11 Signs It’s Time To Quit Your Job


You’ve probably had a few bad days at the office. Maybe you find some of your work boring. Your boss might have yelled at you for no reason. You may find yourself wishing weekends were longer. A lot of us feel this way sometimes. But when do you know when enough is enough? How do you know if it’s time to quit your job?

Quitting a job is never easy, especially since it’s so hard to find a new one. The Philippines has the highest Asean unemployment rate at 7.3 percent, and it’s not a number you want to add to. According to career experts, you shouldn’t quit unless you have a new job lined up. But if you notice more and more of these signs in your work life, it’s time to open up JobStreet or LinkedIn and search for a new position:

  1. You’re miserable. We’re not saying you should be 100% happy about your job all the time, but if you wake up in the morning and dread going to work more often than not, start looking for employment opportunities elsewhere. “Hating your job can lead to stress that affects family relationships, your health, and your entire outlook,” says Susan Heathfield, the guide to human resources for About.com. “Wallowing in negative feelings every day will eventually kill you.”

  2. You don’t fit in. It always takes some time to adjust to a new job in a new company. But if a year has passed and you still don’t feel like you fit in with your bosses and co-workers, it might be time to leave. It’s more than not being able to make friends at work: the danger lies in not being able to find a superior that can mentor you and help you grow.

  3. Your health is suffering. No job is worth your health. Job stress can contribute to heart disease and depression. “Chronic job strain can put both your physical and emotional health at risk,” says Paul J. Rosch, MD, the president of the American Institute of Stress. Work-related stress can negatively affect your mental and physical health. Take special note of chronic back pain, headaches or intestinal issues that you develop while on the job — your body might be telling you to quit.

  4. Low pay. We’d all like jobs that pay six figures a month, but unfortunately, that’s just not the case. Nevertheless, you should be getting the pay that you deserve. If you think you’re underpaid, do some research on your market value and negotiate a raise with your current job while also looking for another position with a higher offer. If the economy and business are both doing well and you’ve been exceeding your targets but you don’t see any raises at your current company in sight, look for a company that will value you more.

  5. You’re bored. A lot of us do the same job day in day out, but if you’re so bored by your job that it’s affecting the quality of your work, maybe it’s time to think about changing jobs. When you’ve outgrown your position and you’re stagnating in your company, ask for a change of position or look for better employment opportunities — otherwise, you’re limiting your own potential.
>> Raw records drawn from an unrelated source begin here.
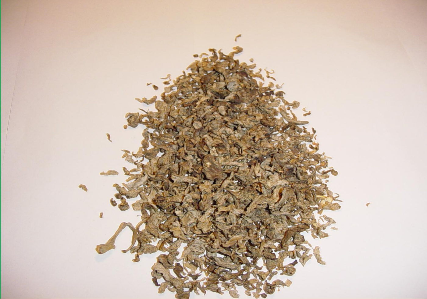
Kuru şeker pancarı posası (beet pulp dried)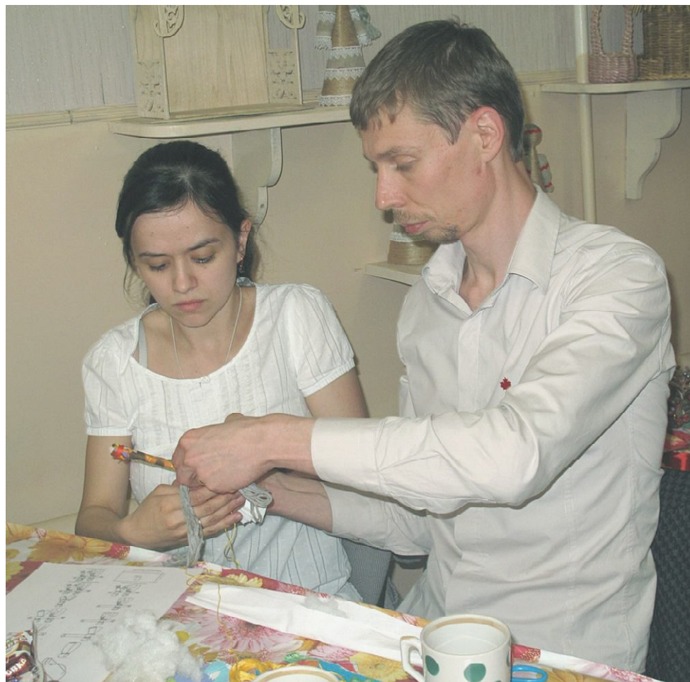
У кукол-неразлучников одна общая рука, чтобы муж и жена были вместе в беде и радости.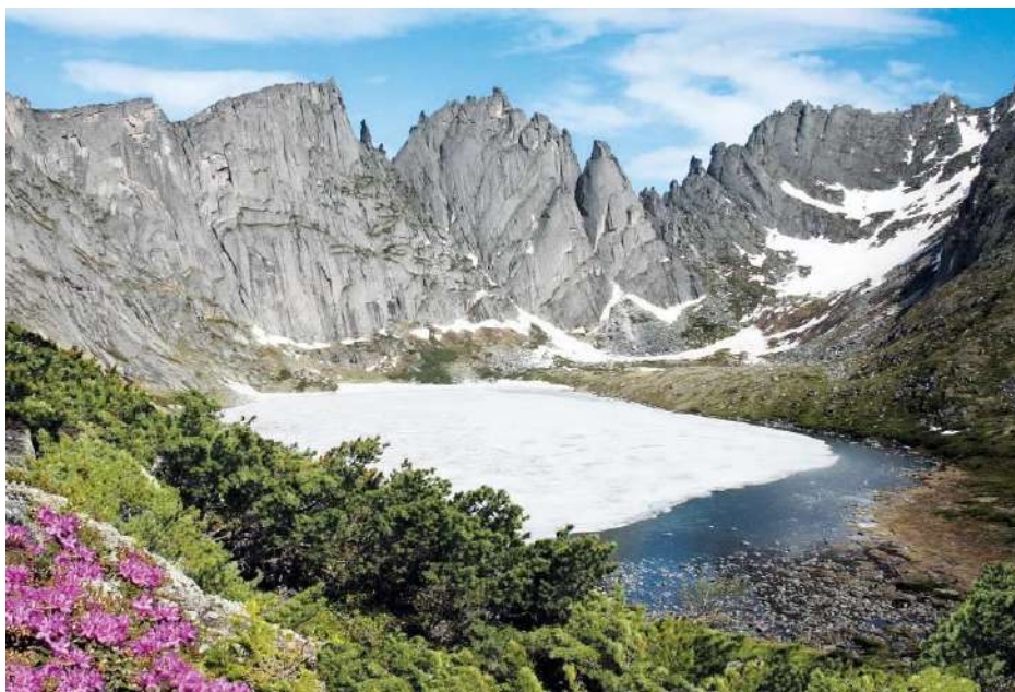
1. Жемчужина Дуссе -Алиня озеро Медвежье.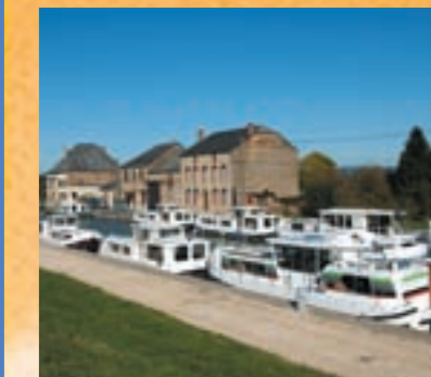
Base Ardennes Nautisme à Pont-à-Bar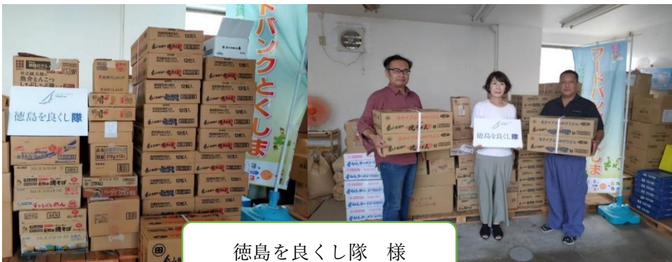
徳島を良くし隊 様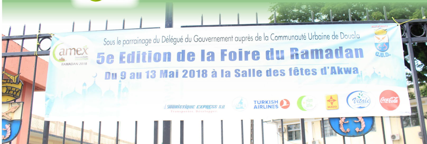
Cérémonie d'ouverture du CAMEX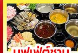
บุฟเฟ่ต์ซาบู

  6. Your boss is terrible. If your boss is verbally abusive, incompetent, demanding — basically, the boss from hell — and you can’t take it any more, it’s time to get a new gig. However, before you quit altogether, see if you can repair your relationship with your boss first. Communicate with him or her the ways that you feel they’re mistreating you, and they might take your advice on board and improve their behaviour in the future. This won’t always work, though; judge for yourself whether you can still salvage the relationship, or if you should just jump ship. Either way, make sure you’re on good professional terms, even when you leave: if you burn your bridges, your future employers will see it as a red flag.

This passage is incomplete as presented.